• WORK TO COMPLETE:
Nothing in the listing should be altered when it is copied, and no picture goes into the copy.

### PROVIDED DATA ###

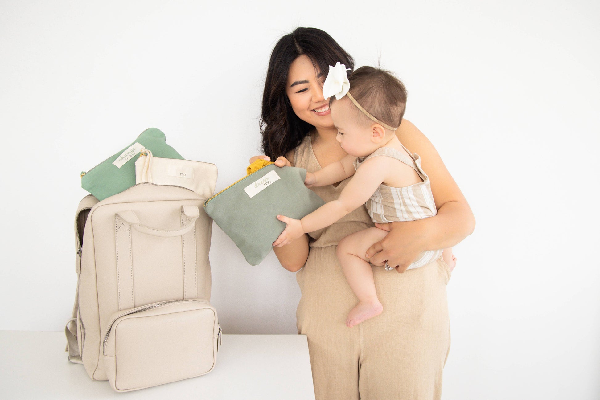 - Stay Organized: Keep your essentials and baby's must-haves neatly organized in 3 dedicated pouches - labeled "Feed Me," "Change Me," and "Dress Me” in modern muted green and neutral cream colors
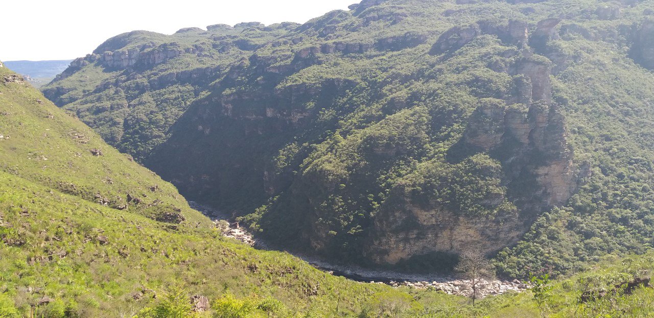 Na borda do cânion, 300 metros acima do rio, o cenário era impressionante. Ao sudeste observamos a estrada que serpenteava pelo outro lado do Paraguaçu indo para a área de garimpo da Nova Sibéria (assim chamada pelo número de estrangeiros que trabalharam lá). É uma estrada apenas para 4X4.
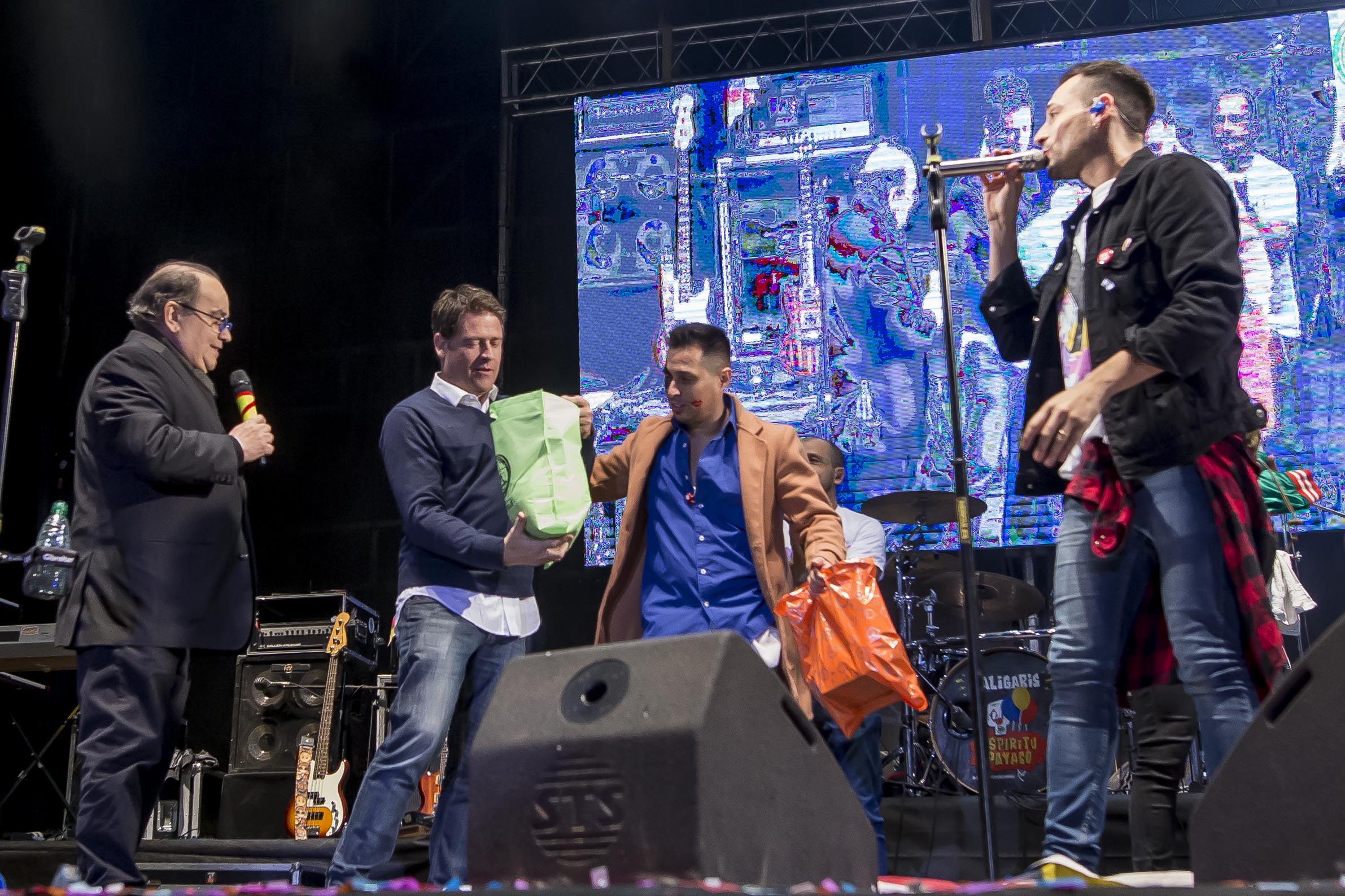 Artistas locales y Los Caligaris protagonizaron una gran fiesta en el centro de la ciudad.
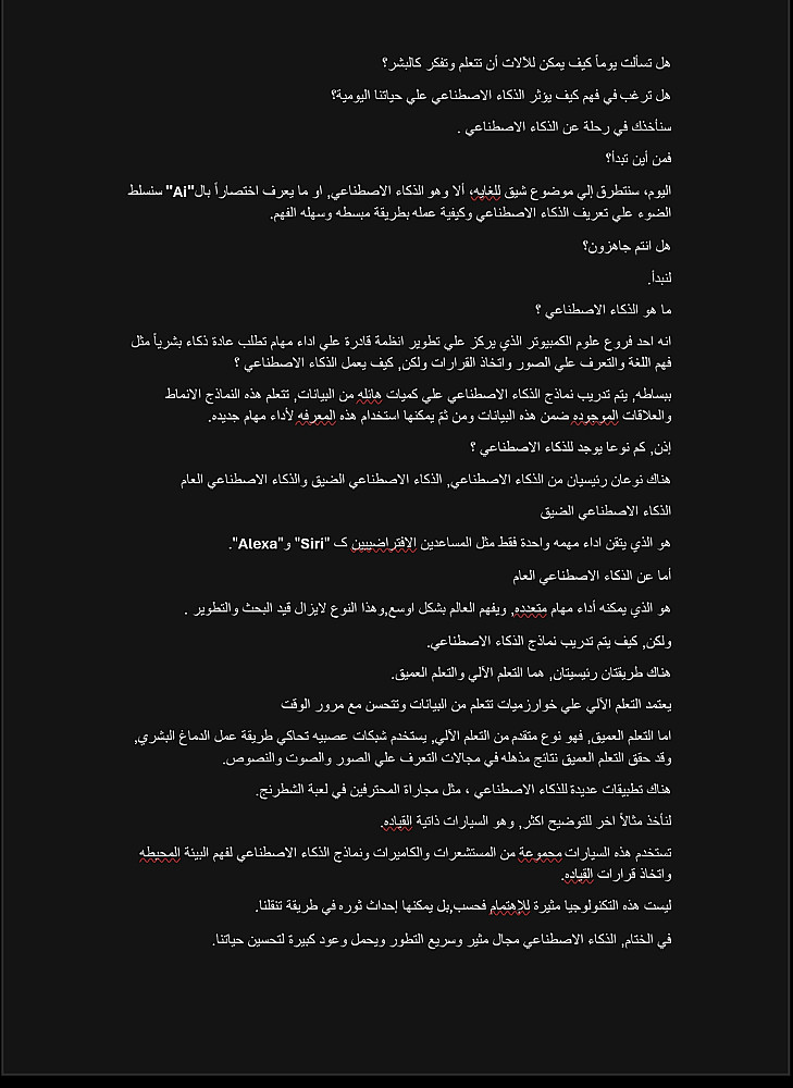 سواء كان المحتوى تعليميًا، طبيًا، اجتماعيًا أو وثائقيًا، أضمن لك نصًا جاهزًا للنشر أو الاستخدام الأكاديمي، مع احترام الوقت والسرية التامة.

###

• RESPONSE:
 - Stay Organized: Keep your essentials and baby's must-haves neatly organized in 3 dedicated pouches - labeled "Feed Me," "Change Me," and "Dress Me” in modern muted green and neutral cream colors
 Na borda do cânion, 300 metros acima do rio, o cenário era impressionante. Ao sudeste observamos a estrada que serpenteava pelo outro lado do Paraguaçu indo para a área de garimpo da Nova Sibéria (assim chamada pelo número de estrangeiros que trabalharam lá). É uma estrada apenas para 4X4.
 Artistas locales y Los Caligaris protagonizaron una gran fiesta en el centro de la ciudad.
 سواء كان المحتوى تعليميًا، طبيًا، اجتماعيًا أو وثائقيًا، أضمن لك نصًا جاهزًا للنشر أو الاستخدام الأكاديمي، مع احترام الوقت والسرية التامة.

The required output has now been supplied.